SK Telecom announced its A.X K1 foundation model on December 28, 2025, describing it as Korea’s first 500B‑scale hyperscale AI with 519 billion parameters. The model will anchor a government-backed “sovereign AI” consortium and is intended to be opened to Korean companies and researchers via APIs and open-source access.
This article aggregates reporting from 5 news sources. The TL;DR is AI-generated from original reporting. Race to AGI's analysis provides editorial context on implications for AGI development.
A.X K1 is one of the most aggressive national-scale bets we’ve seen outside the U.S. and China: a 519B‑parameter “teacher model” explicitly positioned as sovereign infrastructure rather than just another commercial LLM. SK Telecom and its consortium partners are trying to compress an entire AI stack—from custom NPUs and data centers to agents and consumer apps—into a single vertically integrated program, with A.X K1 as the brain. That’s notable because it treats foundation models as shared digital public capital, not just a product line. ([news.sktelecom.com](https://news.sktelecom.com/en/2533?utm_source=openai))

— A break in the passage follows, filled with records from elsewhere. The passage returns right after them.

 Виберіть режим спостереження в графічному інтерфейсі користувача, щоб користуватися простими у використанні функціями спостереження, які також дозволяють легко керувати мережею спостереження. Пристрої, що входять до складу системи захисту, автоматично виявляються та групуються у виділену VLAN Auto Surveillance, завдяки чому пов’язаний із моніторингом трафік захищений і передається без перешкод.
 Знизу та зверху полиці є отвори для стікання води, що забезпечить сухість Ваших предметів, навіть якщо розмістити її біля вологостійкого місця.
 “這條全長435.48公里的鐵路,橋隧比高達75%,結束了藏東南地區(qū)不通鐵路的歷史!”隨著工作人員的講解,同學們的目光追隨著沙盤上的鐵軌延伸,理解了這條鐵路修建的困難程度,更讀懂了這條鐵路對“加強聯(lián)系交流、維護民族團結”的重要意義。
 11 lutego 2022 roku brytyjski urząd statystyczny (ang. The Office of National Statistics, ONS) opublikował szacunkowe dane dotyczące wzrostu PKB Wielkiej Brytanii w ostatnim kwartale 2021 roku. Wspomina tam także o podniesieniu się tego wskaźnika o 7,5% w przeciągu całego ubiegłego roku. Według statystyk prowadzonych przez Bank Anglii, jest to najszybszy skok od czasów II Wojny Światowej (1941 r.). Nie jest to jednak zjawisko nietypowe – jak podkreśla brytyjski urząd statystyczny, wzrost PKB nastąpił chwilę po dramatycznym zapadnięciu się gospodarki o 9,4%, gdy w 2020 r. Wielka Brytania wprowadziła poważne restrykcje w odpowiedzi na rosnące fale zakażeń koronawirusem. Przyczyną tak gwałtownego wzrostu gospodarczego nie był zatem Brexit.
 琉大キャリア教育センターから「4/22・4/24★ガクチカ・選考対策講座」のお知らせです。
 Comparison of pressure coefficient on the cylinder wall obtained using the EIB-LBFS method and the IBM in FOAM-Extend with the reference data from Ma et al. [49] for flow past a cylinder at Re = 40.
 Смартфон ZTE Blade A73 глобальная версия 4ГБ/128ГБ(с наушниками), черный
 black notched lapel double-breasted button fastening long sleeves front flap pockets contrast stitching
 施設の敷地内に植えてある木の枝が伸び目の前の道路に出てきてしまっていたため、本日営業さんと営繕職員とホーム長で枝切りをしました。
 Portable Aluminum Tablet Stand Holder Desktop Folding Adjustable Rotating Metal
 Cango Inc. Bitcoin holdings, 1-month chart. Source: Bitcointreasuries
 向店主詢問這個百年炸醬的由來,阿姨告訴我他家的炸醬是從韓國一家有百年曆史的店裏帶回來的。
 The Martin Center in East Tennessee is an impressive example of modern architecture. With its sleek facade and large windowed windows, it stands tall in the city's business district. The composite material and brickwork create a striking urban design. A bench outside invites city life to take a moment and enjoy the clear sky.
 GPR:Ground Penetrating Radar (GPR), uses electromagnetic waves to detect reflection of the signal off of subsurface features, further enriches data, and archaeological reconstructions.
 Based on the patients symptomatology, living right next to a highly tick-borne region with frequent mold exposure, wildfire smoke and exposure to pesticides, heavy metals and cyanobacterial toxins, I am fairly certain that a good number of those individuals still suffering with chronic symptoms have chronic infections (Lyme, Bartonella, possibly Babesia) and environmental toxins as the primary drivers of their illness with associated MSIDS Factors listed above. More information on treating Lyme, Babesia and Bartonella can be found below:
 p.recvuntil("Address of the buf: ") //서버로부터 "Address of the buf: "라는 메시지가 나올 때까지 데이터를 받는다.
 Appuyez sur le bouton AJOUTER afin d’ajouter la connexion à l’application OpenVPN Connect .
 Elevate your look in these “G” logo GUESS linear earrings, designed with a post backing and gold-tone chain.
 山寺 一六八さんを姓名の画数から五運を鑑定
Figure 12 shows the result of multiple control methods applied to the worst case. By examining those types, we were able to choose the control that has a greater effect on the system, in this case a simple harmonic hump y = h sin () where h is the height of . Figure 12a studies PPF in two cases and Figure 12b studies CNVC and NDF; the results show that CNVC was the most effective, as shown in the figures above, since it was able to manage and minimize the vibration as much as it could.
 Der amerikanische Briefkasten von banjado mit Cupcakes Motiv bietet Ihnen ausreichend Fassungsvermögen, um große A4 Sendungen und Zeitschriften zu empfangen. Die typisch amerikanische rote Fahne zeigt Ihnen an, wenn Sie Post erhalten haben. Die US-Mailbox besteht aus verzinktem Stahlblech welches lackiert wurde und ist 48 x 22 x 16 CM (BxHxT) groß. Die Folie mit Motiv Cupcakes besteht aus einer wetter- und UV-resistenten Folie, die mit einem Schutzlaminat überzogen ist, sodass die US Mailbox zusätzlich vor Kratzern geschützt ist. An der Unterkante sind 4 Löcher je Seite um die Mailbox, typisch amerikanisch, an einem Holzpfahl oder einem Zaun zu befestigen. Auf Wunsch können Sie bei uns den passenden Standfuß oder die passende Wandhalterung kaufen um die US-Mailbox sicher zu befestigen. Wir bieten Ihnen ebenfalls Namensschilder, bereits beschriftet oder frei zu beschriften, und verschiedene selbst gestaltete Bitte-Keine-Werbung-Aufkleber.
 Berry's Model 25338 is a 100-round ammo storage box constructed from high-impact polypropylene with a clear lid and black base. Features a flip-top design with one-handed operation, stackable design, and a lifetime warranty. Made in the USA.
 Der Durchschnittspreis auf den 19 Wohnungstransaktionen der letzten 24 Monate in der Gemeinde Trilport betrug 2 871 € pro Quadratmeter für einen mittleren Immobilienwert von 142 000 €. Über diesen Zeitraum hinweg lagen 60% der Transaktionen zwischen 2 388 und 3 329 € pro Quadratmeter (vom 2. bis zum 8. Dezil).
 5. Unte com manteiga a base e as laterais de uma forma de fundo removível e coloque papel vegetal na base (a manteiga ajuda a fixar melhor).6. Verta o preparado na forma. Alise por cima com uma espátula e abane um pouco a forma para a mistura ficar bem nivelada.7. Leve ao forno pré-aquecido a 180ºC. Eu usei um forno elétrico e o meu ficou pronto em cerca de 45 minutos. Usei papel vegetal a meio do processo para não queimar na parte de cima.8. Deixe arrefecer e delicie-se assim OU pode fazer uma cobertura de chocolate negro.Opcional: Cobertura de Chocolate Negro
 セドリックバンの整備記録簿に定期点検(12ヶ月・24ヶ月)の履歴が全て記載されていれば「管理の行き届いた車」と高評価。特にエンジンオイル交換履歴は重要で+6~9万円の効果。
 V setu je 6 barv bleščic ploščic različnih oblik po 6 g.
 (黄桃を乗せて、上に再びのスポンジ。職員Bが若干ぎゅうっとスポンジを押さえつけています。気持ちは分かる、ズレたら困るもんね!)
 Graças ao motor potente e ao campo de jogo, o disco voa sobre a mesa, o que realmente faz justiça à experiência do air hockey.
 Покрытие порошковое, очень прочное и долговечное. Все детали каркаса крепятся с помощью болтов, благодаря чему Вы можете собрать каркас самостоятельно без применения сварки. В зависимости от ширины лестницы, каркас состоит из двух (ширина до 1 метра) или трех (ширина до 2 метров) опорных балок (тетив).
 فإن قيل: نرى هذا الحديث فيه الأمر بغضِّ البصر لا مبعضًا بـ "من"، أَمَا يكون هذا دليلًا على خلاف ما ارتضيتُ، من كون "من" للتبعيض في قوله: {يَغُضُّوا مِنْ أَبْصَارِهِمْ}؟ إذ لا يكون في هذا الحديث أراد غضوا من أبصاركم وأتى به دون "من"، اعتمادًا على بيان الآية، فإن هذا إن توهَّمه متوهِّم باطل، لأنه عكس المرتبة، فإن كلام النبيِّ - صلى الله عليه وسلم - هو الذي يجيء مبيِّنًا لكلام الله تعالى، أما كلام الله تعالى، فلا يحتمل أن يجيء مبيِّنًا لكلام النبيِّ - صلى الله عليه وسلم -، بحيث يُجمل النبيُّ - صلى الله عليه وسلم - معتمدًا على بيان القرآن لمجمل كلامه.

Strategically, this pushes Korea into the top tier of AI powers by parameter scale and ambition. The consortium is already wired into real distribution through SKT’s A. (A‑DoT) assistant and Liner’s 11 million‑plus users, and it plans open-source releases and APIs to catalyze a broader local ecosystem. If they execute, Korea can become a regional counterweight to U.S. and Chinese clouds, and A.X K1 could become a default base model for Korean-language and on‑device use cases. ([stocktitan.net](https://www.stocktitan.net/news/SKM/sk-telecom-unveils-a-x-k1-korea-s-first-500b-scale-hyperscale-ai-hk99nyiwi882.html?utm_source=openai))
For the global AI race, A.X K1 is another data point that 500B‑scale reasoning models are becoming table stakes for countries that want autonomy at the frontier. It also subtly raises the bar for “sovereign AI”: it’s no longer enough to have a 70B domestic model—you’re now competing with national projects that bundle hardware, infra, and deployment channels around trillion‑token‑class systems.